== Records shown
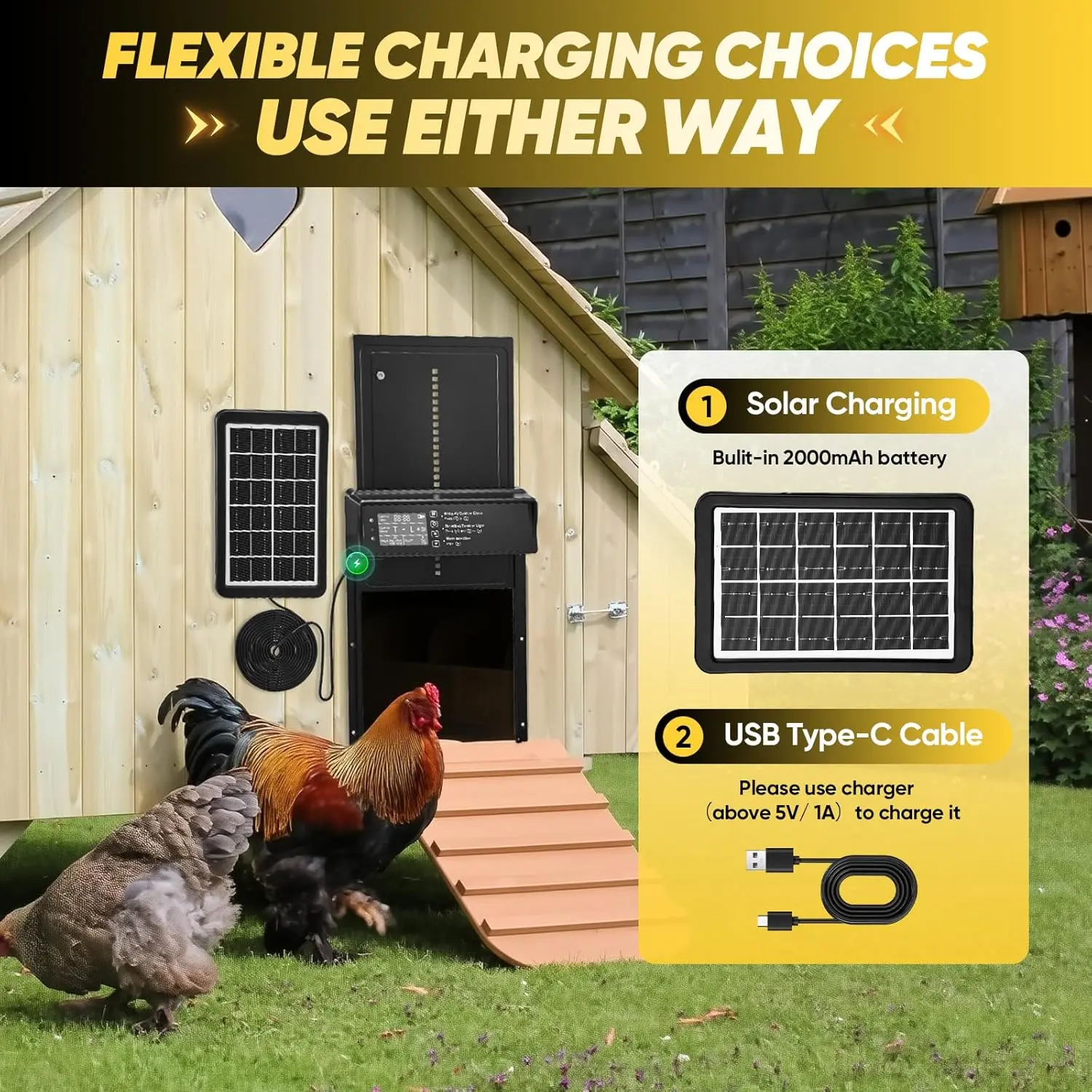5. Solar-Powered Automatic Chicken Coop Door, Timer Function & Light Sensor, 4 Modes LCD Display, Anti-Collision Rainproof Aluminum Alloy Gate
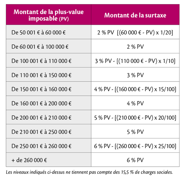 Donc, quand vous vendez un bien immobilier, sauf une résidence principale, à un prix supérieur à celui auquel vous l'avez acheté, vous réalisez une plus-value taxée à 34,50 %. À laquelle il faut ajouter, depuis le 1er janvier 2013, une surtaxe de 2 à 6 %, lorsque le gain généré est supérieur à 50 000 ?. Cette surtaxe s'applique sur la totalité de la plus-value après abattement, et bénéficie d'un système de lissage pour éviter les effets de seuils.
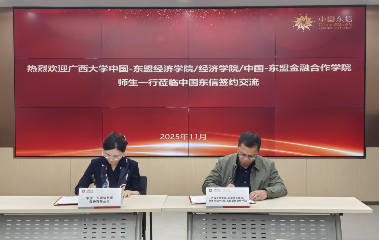 2025年11月7日,公司与中国—东盟信息港股份有限公司举行校企“实践教育基地”签约仪式,公司副经理梁权熙教授带领经济学专业教师及部分本科创培班员工、研究生出席活动。
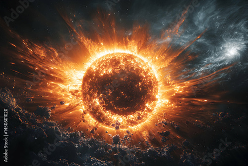 A cosmic explosion erupts with fiery energy. It could be used as a dramatic visual for sci-fi stories or epic art projects.
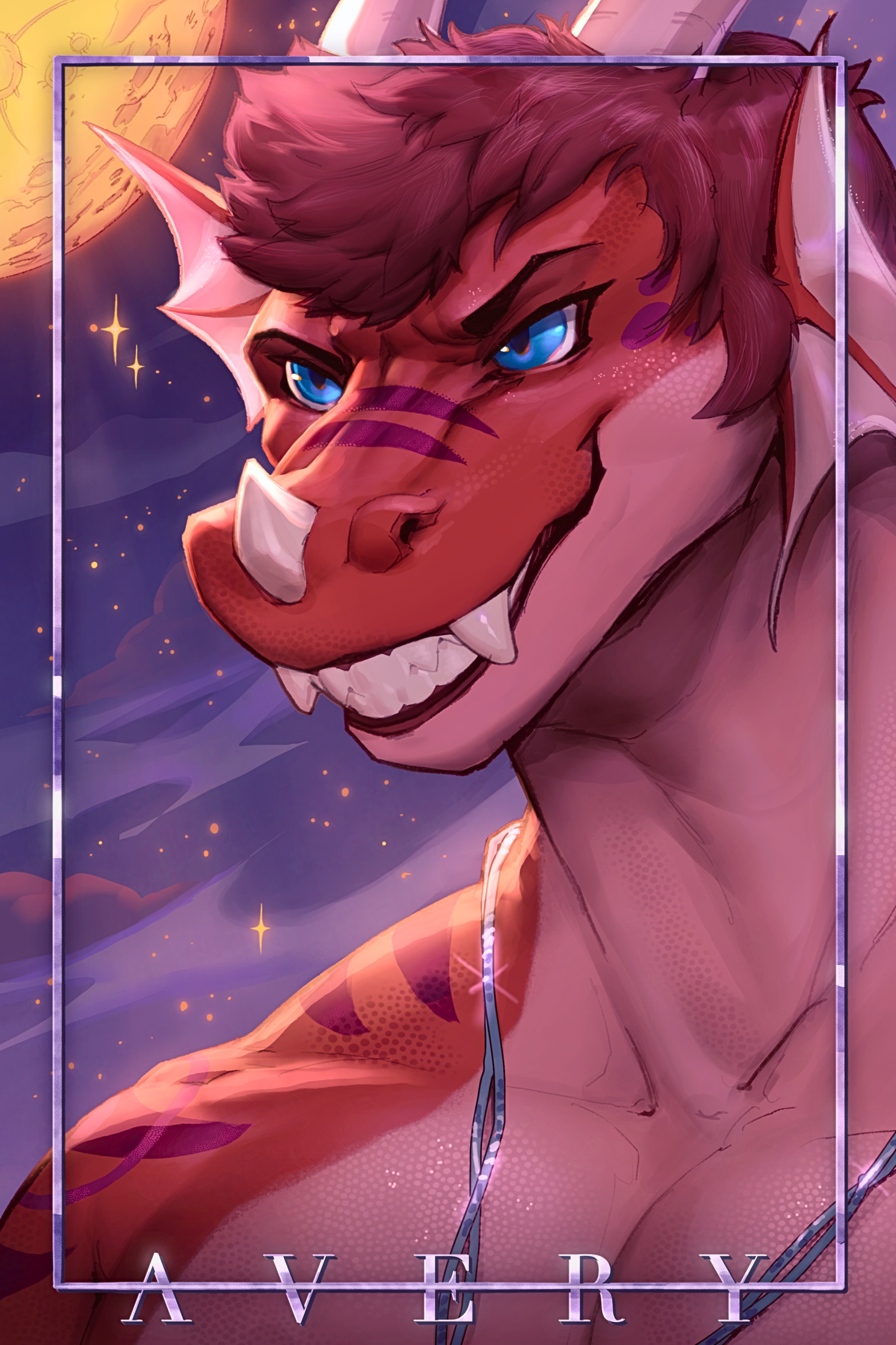 A finely detailed painting of your character(s), with a gradient background.
====
## What is required
Every record should come back exactly as it is, though none of the pictures should.

## Written answer
5. Solar-Powered Automatic Chicken Coop Door, Timer Function & Light Sensor, 4 Modes LCD Display, Anti-Collision Rainproof Aluminum Alloy Gate
 Donc, quand vous vendez un bien immobilier, sauf une résidence principale, à un prix supérieur à celui auquel vous l'avez acheté, vous réalisez une plus-value taxée à 34,50 %. À laquelle il faut ajouter, depuis le 1er janvier 2013, une surtaxe de 2 à 6 %, lorsque le gain généré est supérieur à 50 000 ?. Cette surtaxe s'applique sur la totalité de la plus-value après abattement, et bénéficie d'un système de lissage pour éviter les effets de seuils.
 2025年11月7日,公司与中国—东盟信息港股份有限公司举行校企“实践教育基地”签约仪式,公司副经理梁权熙教授带领经济学专业教师及部分本科创培班员工、研究生出席活动。
 A cosmic explosion erupts with fiery energy. It could be used as a dramatic visual for sci-fi stories or epic art projects.
 A finely detailed painting of your character(s), with a gradient background.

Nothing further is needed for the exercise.